La costa fatidica - Robert Hugues

De presidio a país floreciente

Autor: Robert Hughes
Editorial Galaxia Gutenberg-Circulo de Lectores
Precio : 29 euros
Páginas 728.
ISBN: 8481093769


Es difícil encontrar buenos libros sobre la historia de Australia. Por eso extraña y sorprende que una obra de esas características no sólo haya sido editada en España, sino que además esté firmada por un prestigioso crítico de arte y resulte tan grandiosa y agradable de leer como los mejores melodramas de Dickens o Victor Hugo. «La costa fatídica» es la crónica de una epopeya fantástica: el nacimiento de un país.

Deberíamos conocer a Robert Hugues por haber firmado dos trabajos brillantes: una irreverente historia del arte en el siglo XX, titulada «El impacto de lo nuevo» (Galaxia Gutenberg 2000) y Barcelona (Galaxia Gutenberg), un estudio sobre la arquitectura en una de sus ciudades favoritas.

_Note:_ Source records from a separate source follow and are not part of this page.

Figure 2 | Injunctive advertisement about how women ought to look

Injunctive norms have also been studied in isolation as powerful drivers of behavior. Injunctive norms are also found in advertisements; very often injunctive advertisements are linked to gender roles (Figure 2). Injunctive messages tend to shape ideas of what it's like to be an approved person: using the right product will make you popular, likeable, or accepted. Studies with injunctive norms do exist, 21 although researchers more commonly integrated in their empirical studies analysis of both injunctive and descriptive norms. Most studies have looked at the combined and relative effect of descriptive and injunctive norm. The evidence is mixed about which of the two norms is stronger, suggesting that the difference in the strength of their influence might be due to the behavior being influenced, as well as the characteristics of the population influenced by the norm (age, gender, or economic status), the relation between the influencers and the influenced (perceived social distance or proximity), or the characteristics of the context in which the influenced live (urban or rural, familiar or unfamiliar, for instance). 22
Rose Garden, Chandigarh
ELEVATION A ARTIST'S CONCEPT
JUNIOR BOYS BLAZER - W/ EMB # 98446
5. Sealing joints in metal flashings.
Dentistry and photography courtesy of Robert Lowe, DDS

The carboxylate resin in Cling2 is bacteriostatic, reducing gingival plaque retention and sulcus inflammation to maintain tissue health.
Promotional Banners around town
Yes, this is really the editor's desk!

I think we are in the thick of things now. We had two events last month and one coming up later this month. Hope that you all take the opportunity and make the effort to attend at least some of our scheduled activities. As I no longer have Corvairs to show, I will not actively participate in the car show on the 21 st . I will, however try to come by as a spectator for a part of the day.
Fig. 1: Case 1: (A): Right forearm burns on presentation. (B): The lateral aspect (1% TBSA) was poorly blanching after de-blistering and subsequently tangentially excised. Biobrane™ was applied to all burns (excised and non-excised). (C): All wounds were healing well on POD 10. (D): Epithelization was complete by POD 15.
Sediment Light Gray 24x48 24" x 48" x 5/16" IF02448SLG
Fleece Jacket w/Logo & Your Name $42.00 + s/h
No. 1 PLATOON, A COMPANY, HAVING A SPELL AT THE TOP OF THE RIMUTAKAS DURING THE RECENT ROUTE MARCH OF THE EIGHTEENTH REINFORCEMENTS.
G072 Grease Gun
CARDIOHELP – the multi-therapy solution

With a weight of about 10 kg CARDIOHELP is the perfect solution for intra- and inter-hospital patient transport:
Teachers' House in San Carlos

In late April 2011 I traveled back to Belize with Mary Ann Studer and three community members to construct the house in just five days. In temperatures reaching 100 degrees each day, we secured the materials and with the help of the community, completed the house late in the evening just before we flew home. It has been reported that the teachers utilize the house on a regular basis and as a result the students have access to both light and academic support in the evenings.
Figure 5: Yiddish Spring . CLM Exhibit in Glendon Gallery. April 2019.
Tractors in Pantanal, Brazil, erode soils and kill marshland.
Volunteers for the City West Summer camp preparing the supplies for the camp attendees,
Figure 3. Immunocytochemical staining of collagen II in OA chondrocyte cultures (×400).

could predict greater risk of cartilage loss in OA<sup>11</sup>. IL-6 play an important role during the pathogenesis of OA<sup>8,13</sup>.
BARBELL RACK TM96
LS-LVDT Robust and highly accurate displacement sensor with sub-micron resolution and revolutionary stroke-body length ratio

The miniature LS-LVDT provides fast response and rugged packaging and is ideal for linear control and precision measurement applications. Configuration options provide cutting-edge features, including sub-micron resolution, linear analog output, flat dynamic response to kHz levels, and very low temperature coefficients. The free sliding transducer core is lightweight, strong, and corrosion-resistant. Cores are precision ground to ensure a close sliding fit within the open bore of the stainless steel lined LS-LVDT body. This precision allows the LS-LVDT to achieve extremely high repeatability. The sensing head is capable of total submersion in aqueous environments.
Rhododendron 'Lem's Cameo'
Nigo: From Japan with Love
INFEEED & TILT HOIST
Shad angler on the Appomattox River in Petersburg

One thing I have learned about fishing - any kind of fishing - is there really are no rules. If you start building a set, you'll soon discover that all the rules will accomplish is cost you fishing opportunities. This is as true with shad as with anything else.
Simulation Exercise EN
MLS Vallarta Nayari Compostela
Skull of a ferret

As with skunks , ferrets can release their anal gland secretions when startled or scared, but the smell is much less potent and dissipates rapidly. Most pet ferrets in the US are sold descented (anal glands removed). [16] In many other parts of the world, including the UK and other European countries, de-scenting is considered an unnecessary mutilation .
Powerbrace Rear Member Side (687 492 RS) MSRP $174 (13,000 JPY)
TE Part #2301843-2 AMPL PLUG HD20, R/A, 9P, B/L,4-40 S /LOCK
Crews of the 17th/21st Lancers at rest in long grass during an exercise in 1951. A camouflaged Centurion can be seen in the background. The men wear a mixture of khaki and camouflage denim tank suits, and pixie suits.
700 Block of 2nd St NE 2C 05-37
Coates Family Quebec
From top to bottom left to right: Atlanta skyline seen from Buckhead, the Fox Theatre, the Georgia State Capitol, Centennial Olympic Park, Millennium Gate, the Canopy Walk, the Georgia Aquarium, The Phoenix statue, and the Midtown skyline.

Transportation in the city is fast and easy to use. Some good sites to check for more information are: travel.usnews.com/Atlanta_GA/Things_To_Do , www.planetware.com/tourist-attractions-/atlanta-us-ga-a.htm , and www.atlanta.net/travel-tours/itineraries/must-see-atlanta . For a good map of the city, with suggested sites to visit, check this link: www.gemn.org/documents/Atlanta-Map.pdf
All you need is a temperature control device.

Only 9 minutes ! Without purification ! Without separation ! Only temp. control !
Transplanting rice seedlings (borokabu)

En «La costa fatídica» regresa a sus raíces, nació en 1938 en Australia, para contar el siniestro origen de la civilización en ese lugar. Y es que entre finales del siglo XVIII y la primera mitad del XIX infinidad de barcos repletos de presidiarios partían de Inglaterra y, después de meses de penurias en alta mar, depositaban su siniestro cargamento en las remotas costas australianas. La gran isla se convirtió en una descomunal cárcel, habitada por cientos de miles de convictos.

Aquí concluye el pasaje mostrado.